Your assignment:
The following data is to be repeated exactly, its pictures excluded.
─── Data extract ───
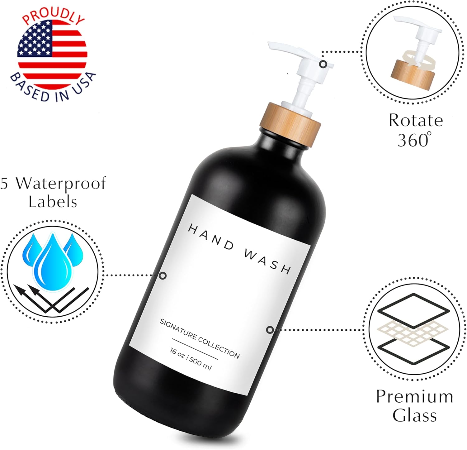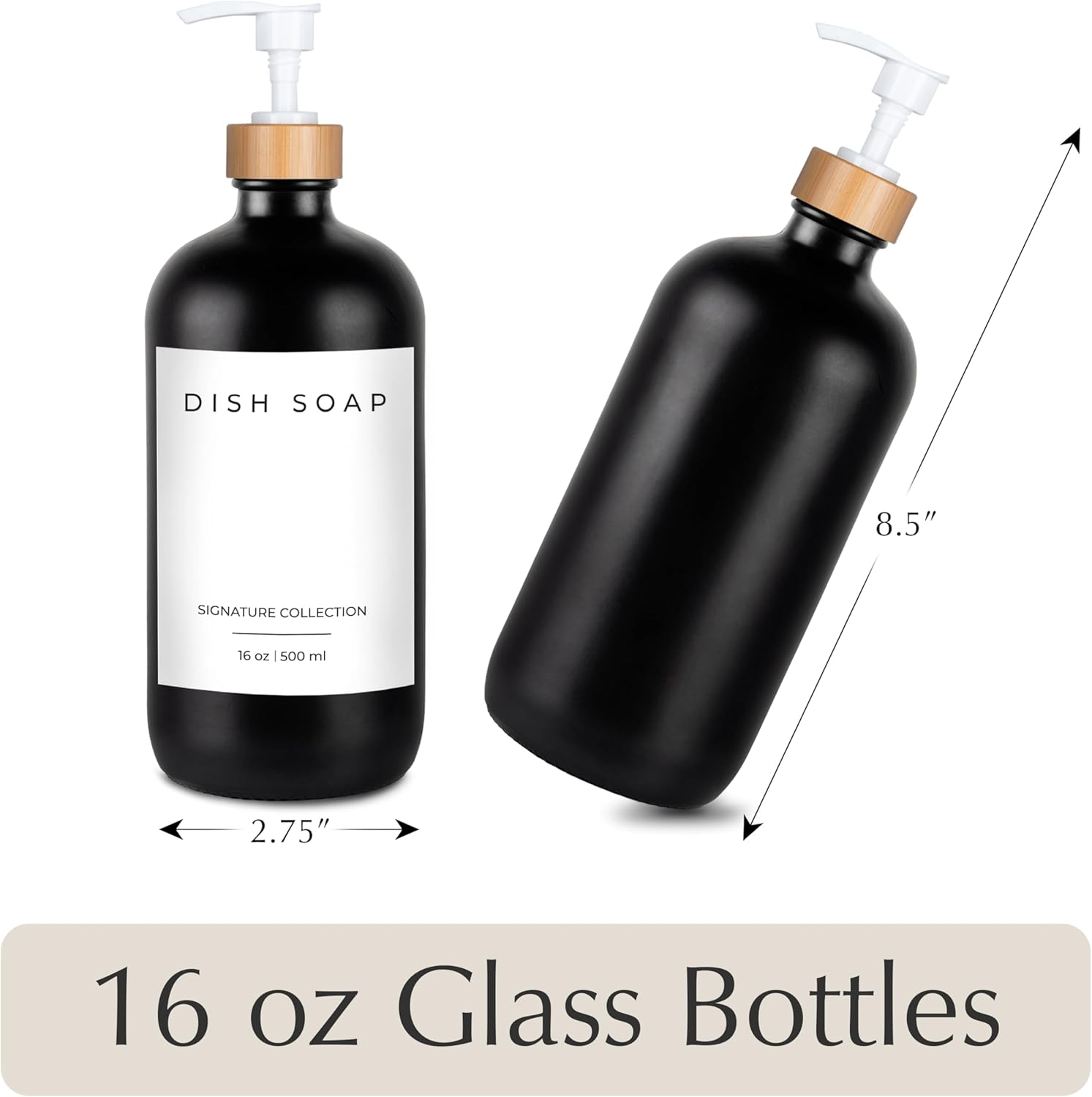 - ✅ 2-in-1 COMBO: Upgrade your home with our glass soap dispenser set. The dish soap dispensers are crafted from the highest quality glass and can be used as soap dispensers for kitchen sinks, soap dispensers for bathrooms, or as hand soap dispenser of your favorite liquid. The kitchen soap dispensers come with 2 dish soap dispensers for kitchen bottles (16 ounces), 2 stainless steel pumps, and 5 waterproof labels. Our selection includes colors including amber, clear, white, and black.
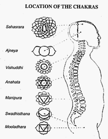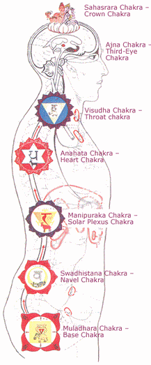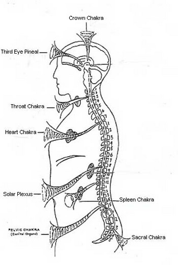 A csakrák a gerincoszlopból indulnak ki, és a képtől eltérően, test mellső és hátsó részén találhatóak.
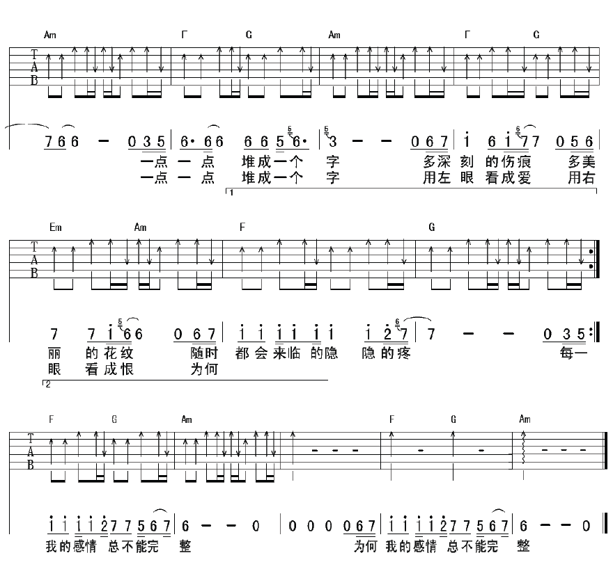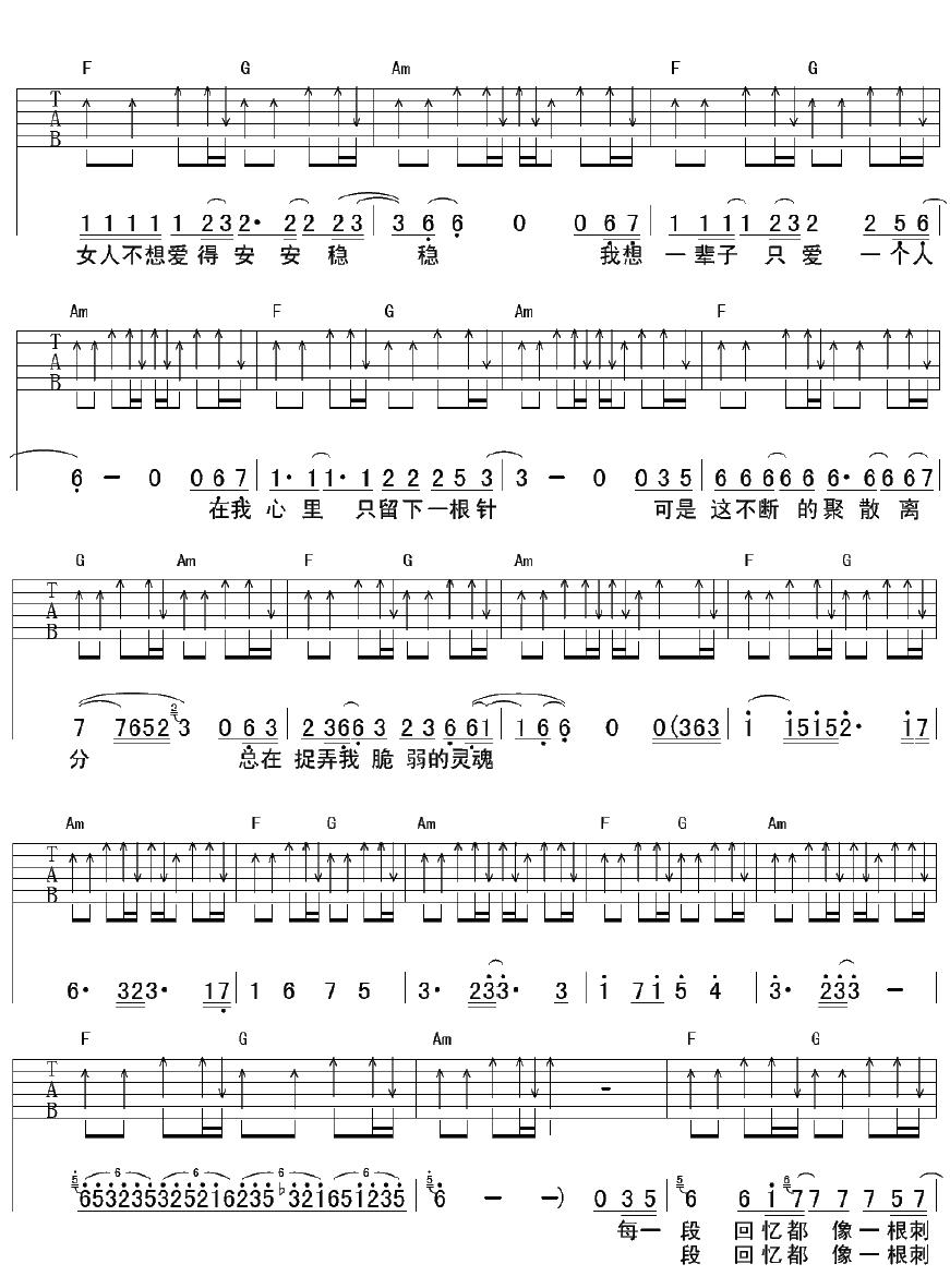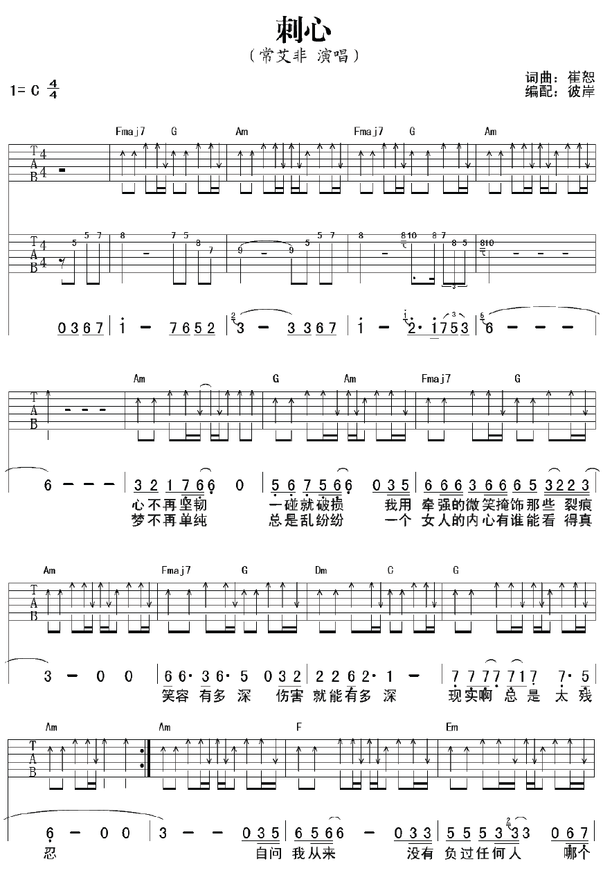 曲谱介绍: 常艾非《刺心》吉他弹唱谱,采用C调指法编配,彼岸吉他编配出品,共有3张高清图谱。
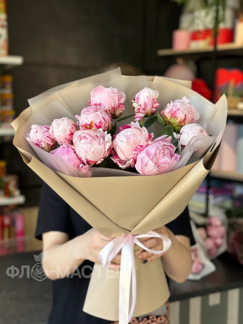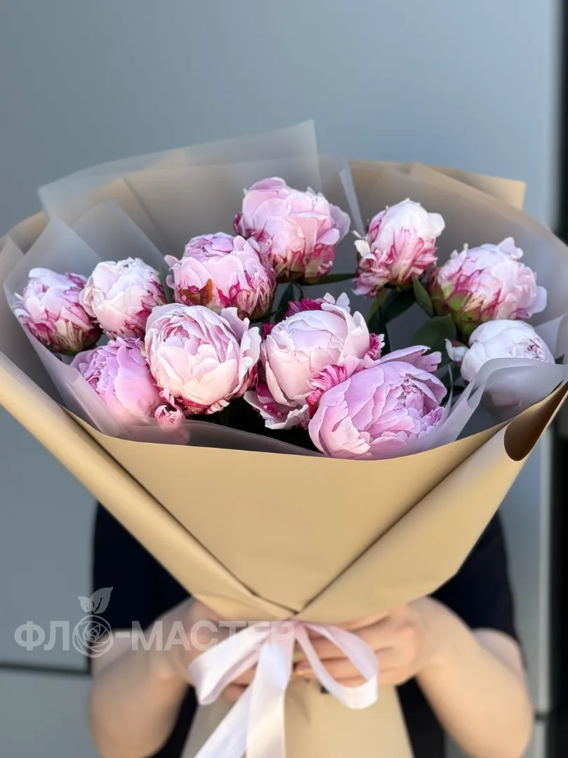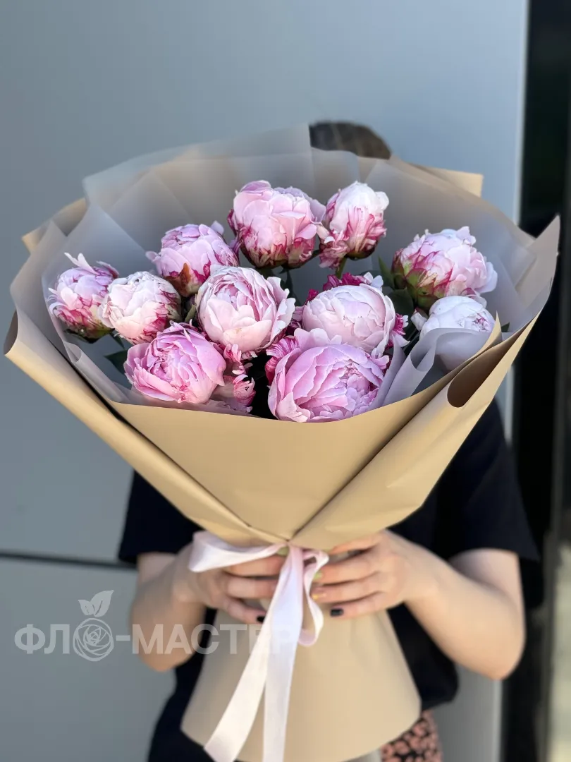 Зефирный букет из 11 пионов в упаковке, с каждым днём букет будет становиться все больше и красивее.
───
Answer box:
 - ✅ 2-in-1 COMBO: Upgrade your home with our glass soap dispenser set. The dish soap dispensers are crafted from the highest quality glass and can be used as soap dispensers for kitchen sinks, soap dispensers for bathrooms, or as hand soap dispenser of your favorite liquid. The kitchen soap dispensers come with 2 dish soap dispensers for kitchen bottles (16 ounces), 2 stainless steel pumps, and 5 waterproof labels. Our selection includes colors including amber, clear, white, and black.
 A csakrák a gerincoszlopból indulnak ki, és a képtől eltérően, test mellső és hátsó részén találhatóak.
 曲谱介绍: 常艾非《刺心》吉他弹唱谱,采用C调指法编配,彼岸吉他编配出品,共有3张高清图谱。
 Зефирный букет из 11 пионов в упаковке, с каждым днём букет будет становиться все больше и красивее.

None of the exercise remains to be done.